Task to complete:
Reproduce the entries below exactly, but leave the pictures out.
[Dataset records]
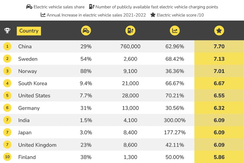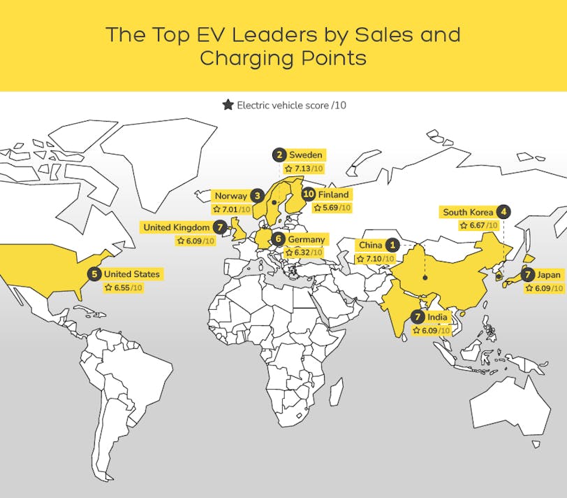 We used IEA’s global data explorer to look at each available country’s EV charging points (publicly available fast), EV sales as a % of the national total, and the annual increase in EV sales from 2021 to 2022. We took each country’s results for every factor and then normalised them against each other to receive a score out of 10.
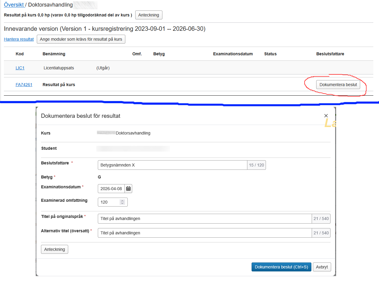 - Det går nu att dokumentera beslut för resultat på forskningsarbete, till exempel om en nämnd har beslutat om resultatet utanför Ladok. Gäller endast “Resultat på kurs”, inte på moduler som används till licentiat.
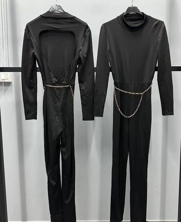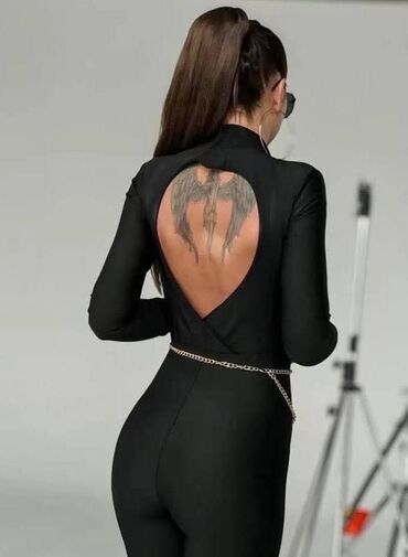 Crni ženski kombinezon sa dugim rukavima i otvorenim leđima
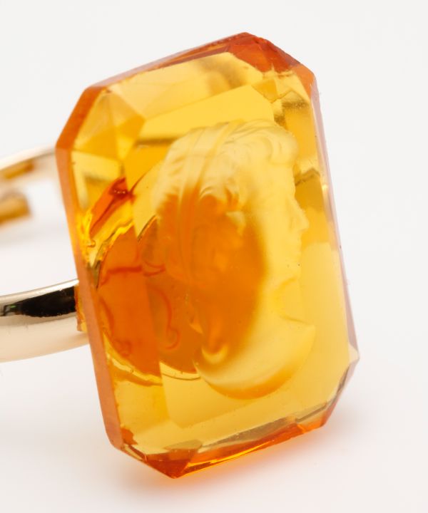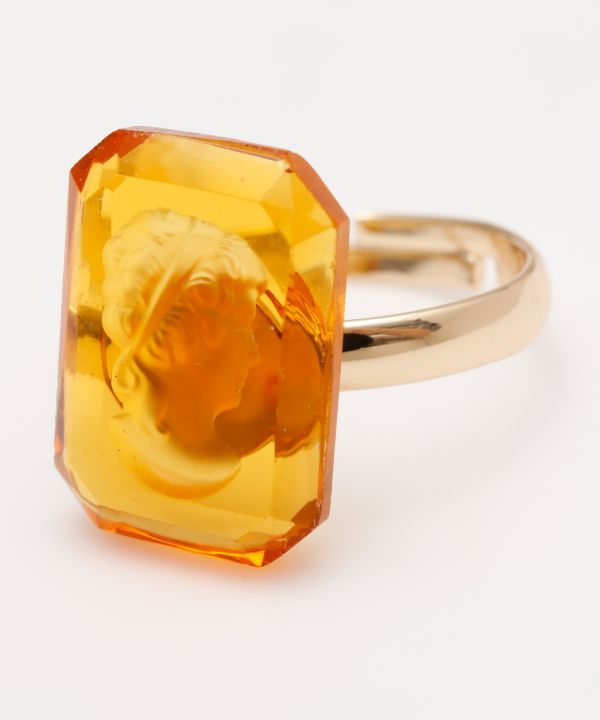 ドイツで作られたカメオガラスのリング。レトロで高級感のある色合いのガラスが指先を美しく演出してくれます。サイズ調節可能。
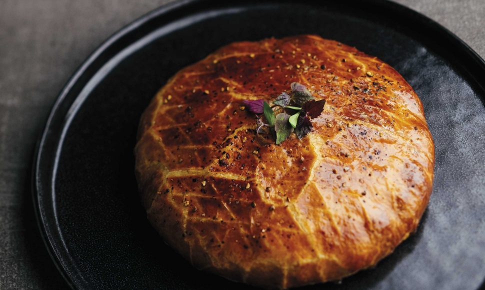 Abaisser la pâte feuilletée à 2,5 mm d’épaisseur. Tailler 2 disques de feuilletage de dimensions différentes (l’un de 20 cm et l’autre de 16 cm de diamètre par exemple) pour réaliser un montage inversé. Garnir le plus grand disque de feuilletage avec la mêlée. Recouvrir du second disque plus petit, rabattre les bords et retourner le montage. Dorer soigneusement et réserver à 3 °C pendant 3 h minimum.
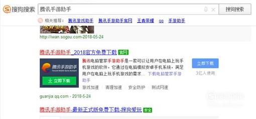首先,我们使用搜狗搜索“腾讯手游助手”,然后选择第一个搜索结果点击进入腾讯手游助手官网首页。
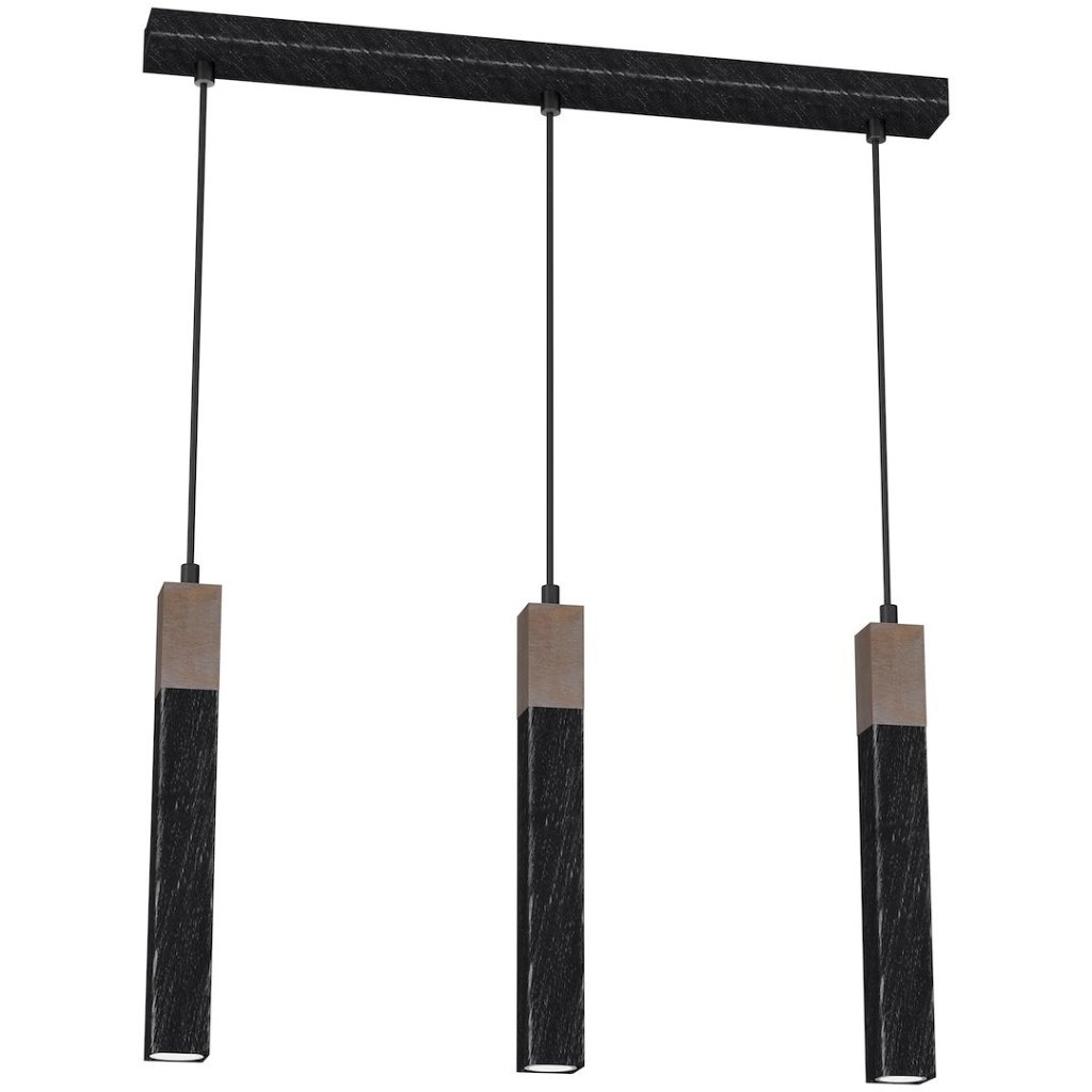 Závěsné svítidlo Solo Sawn, 3x dřevěné/černé kovové stínítko, b
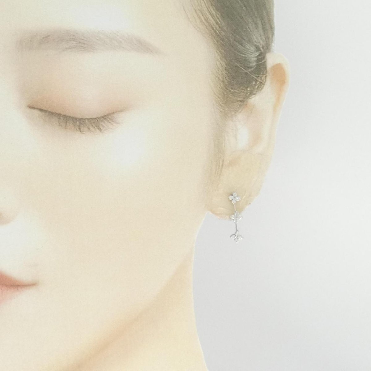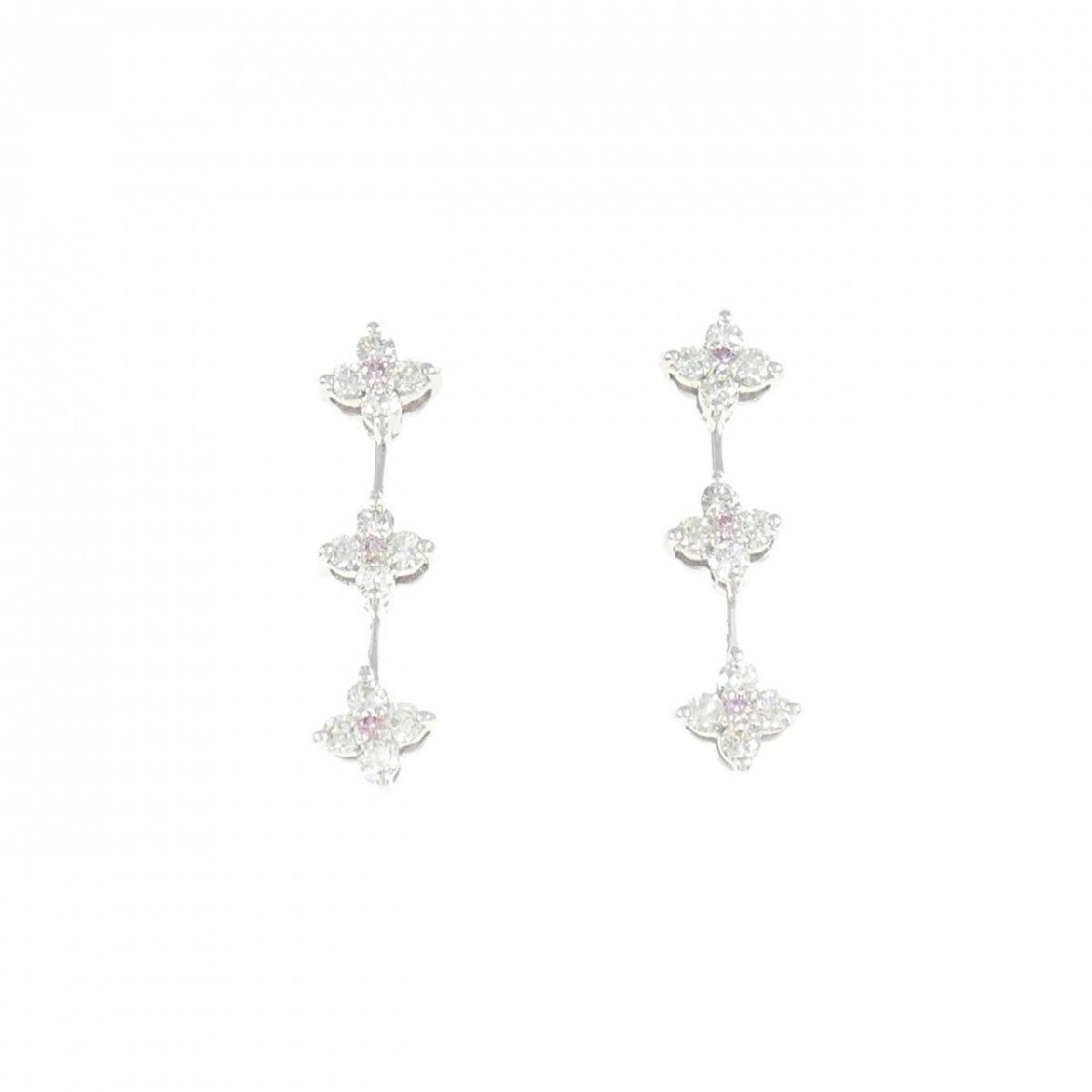 優しいピンクダイヤモンドをフラワーモチーフにあしらったピアス。揺れるたびに輝くダイヤモンドが、視線を惹き付けます。
[/Dataset records]
Solution below:
 We used IEA’s global data explorer to look at each available country’s EV charging points (publicly available fast), EV sales as a % of the national total, and the annual increase in EV sales from 2021 to 2022. We took each country’s results for every factor and then normalised them against each other to receive a score out of 10.
 - Det går nu att dokumentera beslut för resultat på forskningsarbete, till exempel om en nämnd har beslutat om resultatet utanför Ladok. Gäller endast “Resultat på kurs”, inte på moduler som används till licentiat.
 Crni ženski kombinezon sa dugim rukavima i otvorenim leđima
 ドイツで作られたカメオガラスのリング。レトロで高級感のある色合いのガラスが指先を美しく演出してくれます。サイズ調節可能。
 Abaisser la pâte feuilletée à 2,5 mm d’épaisseur. Tailler 2 disques de feuilletage de dimensions différentes (l’un de 20 cm et l’autre de 16 cm de diamètre par exemple) pour réaliser un montage inversé. Garnir le plus grand disque de feuilletage avec la mêlée. Recouvrir du second disque plus petit, rabattre les bords et retourner le montage. Dorer soigneusement et réserver à 3 °C pendant 3 h minimum.
首先,我们使用搜狗搜索“腾讯手游助手”,然后选择第一个搜索结果点击进入腾讯手游助手官网首页。
 Závěsné svítidlo Solo Sawn, 3x dřevěné/černé kovové stínítko, b
 優しいピンクダイヤモンドをフラワーモチーフにあしらったピアス。揺れるたびに輝くダイヤモンドが、視線を惹き付けます。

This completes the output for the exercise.